Koersen met Velo, Démare en Omloop
Juli is wielermaand, met dank aan de Tour de France. Van Dale kijkt graag mee, want ook voor de taalliefhebber valt er van alles te beleven. Bijvoorbeeld vanwege de talrijke wielertermen die weer door de ether worden geslingerd: stoempen, linkeballen, zich het snot voor de ogen rijden, dat werk.
Een wat minder belicht aspect zijn wielrenners met een achternaam die als het ware hun beroep al verraadt. Zoals je ooit een generaal had die Van Vuuren heette, en een voorzitter van een naturistenvereniging die luisterde naar de naam Willem Broekstra, zo zijn er ook enkele wielrenners geweest met een curieuze achternaam.
Zoals de Nederlander Egbert Koersen. Koersen doet deze Egbert al een tijdje niet meer; zijn laatst vindbare ereplaats dateert van 1982 (derde in de ronde van Zuid-Friesland).
Een splijtende demarrage valt nog wel te verwachten van de Franse renner Arnaud Démare, die immers nog maar 24 is, wat voor een beroepsrenner gerust jong genoemd mag worden. Dit jaar won hij al Milaan-Sanremo. Marco Velo daarentegen zal zijn naam nooit meer eer aandoen, want deze Italiaanse renner heeft in 2010 zijn fiets aan de wilgen gehangen, zoals dat in die kringen heet. Gerben de Knegt werd nooit kopman.

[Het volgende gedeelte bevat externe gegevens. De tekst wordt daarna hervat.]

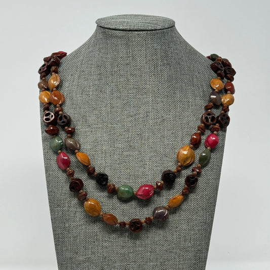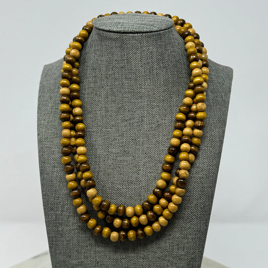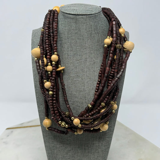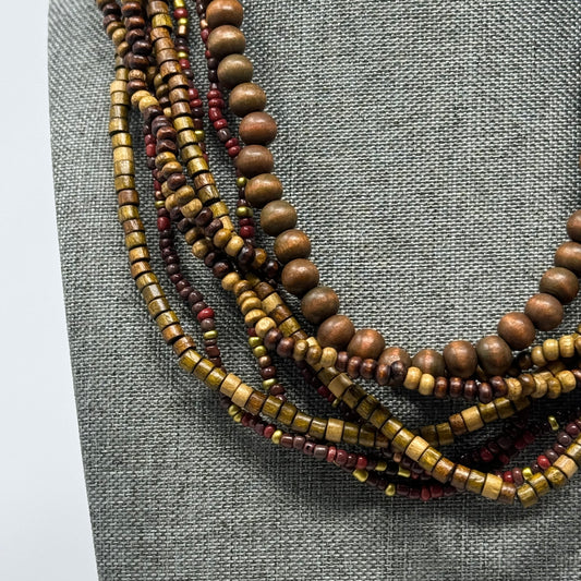Wooden Bead Statement Necklace Earth Tones Artisan Handmade Multi-Strand Boho Jewelry

Van de Vlaming Wim Omloop zullen we evenmin veel meer vernemen. Ook deze winnaar van illustere wedstrijden als de Omloop van het Waasland, de Omloop der Kempen en de Omloop van het Meetjesland is inmiddels afgestapt. Tragisch genoeg ontbreekt zijn naam op de erelijst van de Omloop het Nieuwsblad (voorheen Omloop het Volk), de enige omloop die er écht toe doet.